Try it -> Word for word, set down every line of the entries below from the line with "ls étaient arrivés" to the line with "Tapis de sol (caoutchouc, luxe ou velours)", including both, and no other line.

Data for analysis ->

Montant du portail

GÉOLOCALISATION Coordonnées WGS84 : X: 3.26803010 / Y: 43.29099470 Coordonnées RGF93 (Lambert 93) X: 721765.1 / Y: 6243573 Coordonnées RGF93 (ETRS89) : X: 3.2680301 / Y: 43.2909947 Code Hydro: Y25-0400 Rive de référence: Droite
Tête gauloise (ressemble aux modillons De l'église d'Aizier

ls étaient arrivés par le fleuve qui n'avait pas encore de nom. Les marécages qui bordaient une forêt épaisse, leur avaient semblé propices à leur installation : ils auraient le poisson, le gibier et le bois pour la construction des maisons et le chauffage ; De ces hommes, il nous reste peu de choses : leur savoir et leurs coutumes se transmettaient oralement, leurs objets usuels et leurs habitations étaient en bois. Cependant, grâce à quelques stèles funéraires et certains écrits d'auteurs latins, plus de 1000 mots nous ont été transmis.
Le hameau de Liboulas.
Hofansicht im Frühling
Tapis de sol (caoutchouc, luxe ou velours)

---

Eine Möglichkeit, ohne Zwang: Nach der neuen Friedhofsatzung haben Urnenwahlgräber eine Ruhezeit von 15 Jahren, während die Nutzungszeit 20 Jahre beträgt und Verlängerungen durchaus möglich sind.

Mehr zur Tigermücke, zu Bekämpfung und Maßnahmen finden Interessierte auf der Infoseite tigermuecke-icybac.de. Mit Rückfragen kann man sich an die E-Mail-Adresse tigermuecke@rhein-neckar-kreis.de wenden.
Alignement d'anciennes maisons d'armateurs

* * *

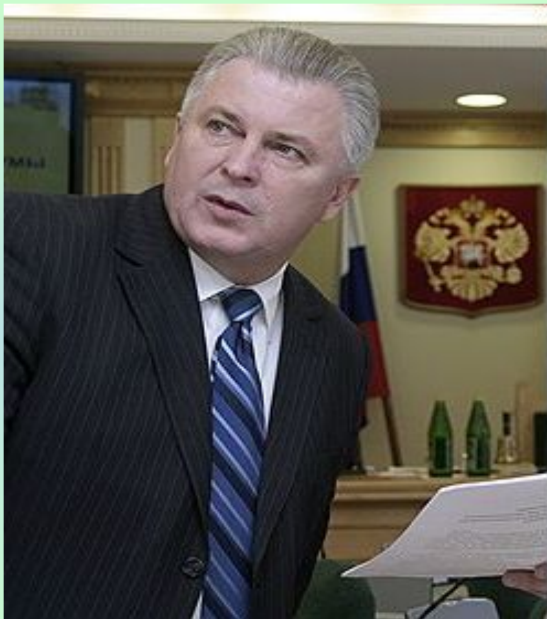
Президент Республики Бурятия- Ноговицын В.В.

Expected answer ->
ls étaient arrivés par le fleuve qui n'avait pas encore de nom. Les marécages qui bordaient une forêt épaisse, leur avaient semblé propices à leur installation : ils auraient le poisson, le gibier et le bois pour la construction des maisons et le chauffage ; De ces hommes, il nous reste peu de choses : leur savoir et leurs coutumes se transmettaient oralement, leurs objets usuels et leurs habitations étaient en bois. Cependant, grâce à quelques stèles funéraires et certains écrits d'auteurs latins, plus de 1000 mots nous ont été transmis.
Le hameau de Liboulas.
Hofansicht im Frühling
Tapis de sol (caoutchouc, luxe ou velours)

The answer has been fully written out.